By the way, I never install toolbars as I like to maximize available screen area.

I am therefore inclined to assume that the trace malware is put there by Emisoft itself.

Please let me have your opinion on this.

Thank You.

 

Can you copy the detected registry entry here?

It might help, as I doubt that Emsi would be intentionally introducing bogus registry entries. More than likely it's a false positive.

Note I am not asking for hijackthis logs or such, just that you copy that specific registry entry here?

And you should contact them yourself, since their products can not agree on detections

Free and full version should have same detections.

 

Greetings Lordpake,

A search of the registry through regedit produced no entry for anything like "Trace.Registry.180searchAssistant!A2".

The only reference provided by Emisoft's A-Squared Free scanner is the one inserted in the list of detected items and is exactly as quoted earlier namely ""Trace.Registry.180searchAssistant!A2" without any other information.

I did submit the problem to Emisoft and was directed to intall
their A-Squared Anti-Malware paid software as a remedy.

As detailed earlier, that did not work either as A-Squared Anti-Malware did not even find the malware reported by A-Squared Free.

Furthermore, Emisoft support did not answer my question directly but rather posted instructions to submit logs without providing any usable answers to the general public on their fora.

I was hoping that someone else could help determine what is going on with A-Squared as I had got used to the vaunted reliability of that software....

Thanks for providing additional info.

 

I run A2AM on this PC so I ran scans with that and the USB version of A2 free and didn't get anything flagged up.

Since the 2 products use the same signatures the only theory I can come up with is that,in your case,the detection from the free version is a FP which isn't replicated in A2AM due to the Mamutu component giving it a clean bill of health.

 

Without A2 installed, A2 free installed, A2 paid installed.
Can you run Hijackthis for those three ? Don't post the log, it would get this thread closed !

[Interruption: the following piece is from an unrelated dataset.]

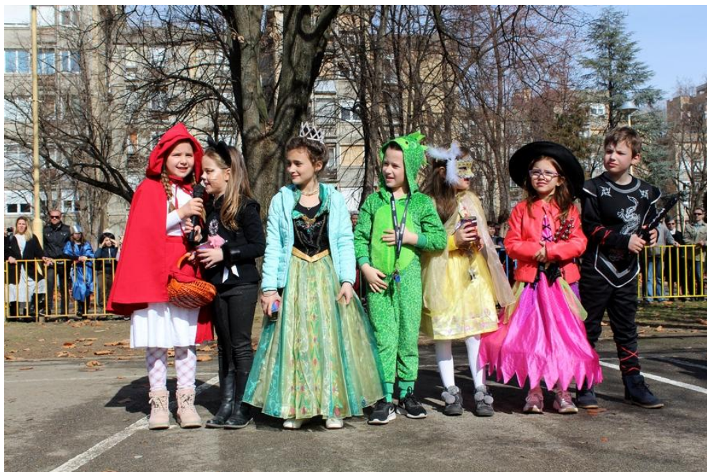
Obilježavanje Downovog sindroma

Do you see any toolbar, and if so, which ones ?
Do you see anything else that's odd ?
If you want, you can PM me a Hijackthis log, but I can't guarantee I'll have the time to analyze it.

Another, simpler, suggestion: install free A2, and run the free trial version of Counterspy. I haven't used it for a while, but it used to be good at cleaning up spyware and adware.

 

To Fly...

I will follow-up on all three of your suggestions starting with re-installing A2Free and running Counterspy.

Will report the results with my thanks for your knowledgeable help.

Alain.

 

Well he just reformatted and reinstalled, then what good is running counterspy?

 

He wants to find out something about A2 ?

 

Oh ok, well I am kind of curious to hear if there ever was a final solution/answer to this whole weird issue.